Surprise . . . your target. Kill . . . your enemy. Vanish . . . without a trace.
When diplomacy fails, and war is unwise, the president calls on the CIA's Special Activities Division, a highly-classified branch of the CIA and the most effective, black operations force in the world.
Originally known as the president's guerrilla warfare corps, SAD conducts risky and ruthless operations that have evolved over time to defend America from its enemies. Almost every American president since World War II has asked the CIA to conduct sabotage, subversion and, yes, assassination.
With unprecedented access to forty-two men and women who proudly and secretly worked on CIA covert operations from the dawn of the Cold War to the present day, along with declassified documents and deep historical research, Pulitzer Prize finalist Annie Jacobsen unveils -- like never before -- a complex world of individuals working in treacherous environments populated with killers, connivers, and saboteurs.
Despite Hollywood notions of off-book operations and external secret hires, covert action is actually one piece in a colossal foreign policy machine.

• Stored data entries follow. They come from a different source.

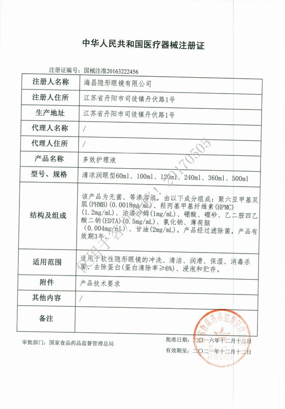 Hai Lien contact myopia glasses multi-effect care solution Sensi 500 120ml 120 color contact vial
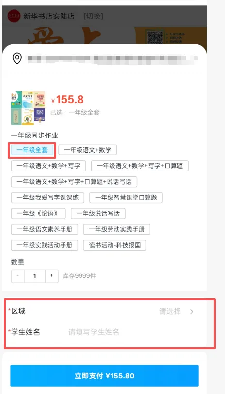 2.选择在读年级商品,点击商品图界面进入购买链接。
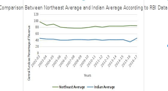 As the above graph (based on RBI data) makes it clear, since 2002, Gross Transfers of funds from the Union Government to the 8 states of the Northeast, make up a disproportionately high portion of the states’ revenue, mostly in the 80 to 100 percent range. This clearly displays the dependence of the 8 states on funding from the Union Government. Part of it is explainable by the fact that all these states are economically backward, and they are border states with sensitive issues of ethnic strife and insurgencies. But this does not explain why, even so many years after the formation of these states, there has been insignificant economic development which would enable more local revenue and less dependence on central funds.

Written with the pacing of a thriller, Surprise, Kill, Vanish brings to vivid life the sheer pandemonium and chaos, as well as the unforgettable human will to survive and the intellectual challenge of not giving up hope that define paramilitary and intelligence work. Jacobsen's exclusive interviews -- with members of the CIA's Senior Intelligence Service (equivalent to the Pentagon's generals), its counterterrorism chiefs, targeting officers, and Special Activities Division's Ground Branch operators who conduct today's close-quarters killing operations around the world -- reveal, for the first time, the enormity of this shocking, controversial, and morally complex terrain. Is the CIA's paramilitary army America's weaponized strength, or a liability to its principled standing in the world? Every operation reported in this book, however unsettling, is legal.
PUBLISHERS WEEKLY
Journalist Jacobsen (Phenomena) delivers an admiring general history of the Central Intelligence Agency and the special forces units involved in clandestine maneuvers in the past 80 years, while highlighting the careers of individual operatives, particularly Billy Waugh. Waugh, who Jacobsen interviewed at length, is introduced as a 12-year-old Texas kid when the Pearl Harbor attack occurs; he reappears throughout, often gathering intelligence via photography, until his final mission to Libya when he is in his 80s. Some chapters focus on individual operations, as when Waugh's friend and CIA colleague Lew Merletti arranged a training exercise in which Delta Force soldiers parachuted onto the White House lawn, sparking changes in security there; others follow presidents and cabinet members reacting to events, giving orders, and deciding policy for example, the formation of the concept of "preemptive neutralization" of suspected terrorists during Reagan's presidency. Jacobsen frequently refers to such covert action as the "third option" or the "president's hidden hand." The tone is more dramatic storytelling than sober history ("The Taliban government... left behind in its wake one of the most immoral, corrupt, criminal, debauched societies the modern world has ever known"). But, for those seeking an action-packed tour of special ops, this book delivers.